Data provided:
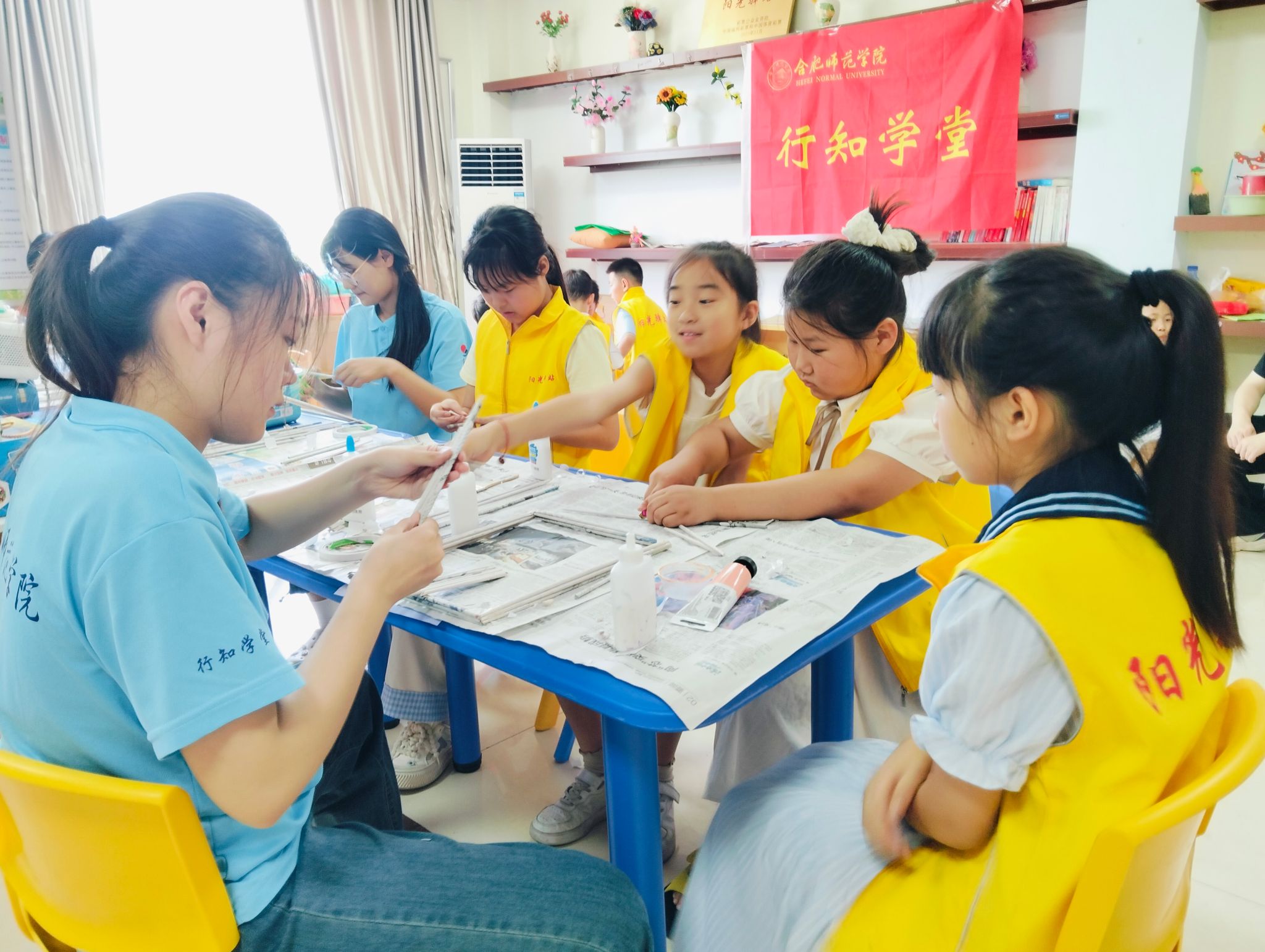 活动伊始,小先生们展示了预先设计好的多种利用废旧纸张制作立体画框的方法。耐心讲解并示范了卷纸筒、折叠瓦楞、纸条编织、拼贴肌理等多种技巧。小学员们在小先生的一对一指导下,兴致勃勃地挑选心仪的废旧纸张,运用剪刀、胶水等工具,发挥想象力将不同颜色、质感的纸片拼贴成独特的背景图案制作画框。活动现场气氛热烈,裁剪声、讨论声、欢笑声此起彼伏。
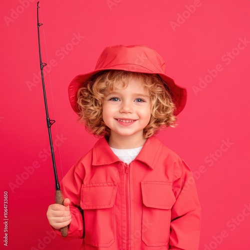 Adorable child playing as a fisherman with a fishing rod on a blue background
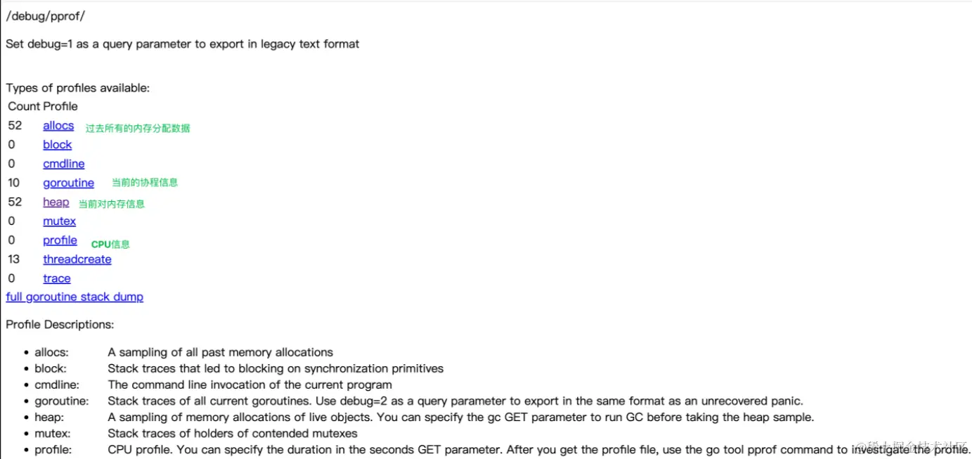 - goroutine: Stack traces of all current goroutines. Use debug=2 as a query parameter to export in the same format as an unrecovered panic.【当前所有运行的goroutine堆栈信息,实时变化】
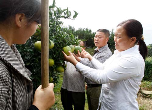 圖為四川成都蒲江縣西來鎮(zhèn)兩河村支書姚慶英關(guān)心村民的柑橘生產(chǎn)。王若冰攝

Assignment:
Print each line of the listing exactly and include no pictures.

Final answer:
 活动伊始,小先生们展示了预先设计好的多种利用废旧纸张制作立体画框的方法。耐心讲解并示范了卷纸筒、折叠瓦楞、纸条编织、拼贴肌理等多种技巧。小学员们在小先生的一对一指导下,兴致勃勃地挑选心仪的废旧纸张,运用剪刀、胶水等工具,发挥想象力将不同颜色、质感的纸片拼贴成独特的背景图案制作画框。活动现场气氛热烈,裁剪声、讨论声、欢笑声此起彼伏。
 Adorable child playing as a fisherman with a fishing rod on a blue background
 - goroutine: Stack traces of all current goroutines. Use debug=2 as a query parameter to export in the same format as an unrecovered panic.【当前所有运行的goroutine堆栈信息,实时变化】
 圖為四川成都蒲江縣西來鎮(zhèn)兩河村支書姚慶英關(guān)心村民的柑橘生產(chǎn)。王若冰攝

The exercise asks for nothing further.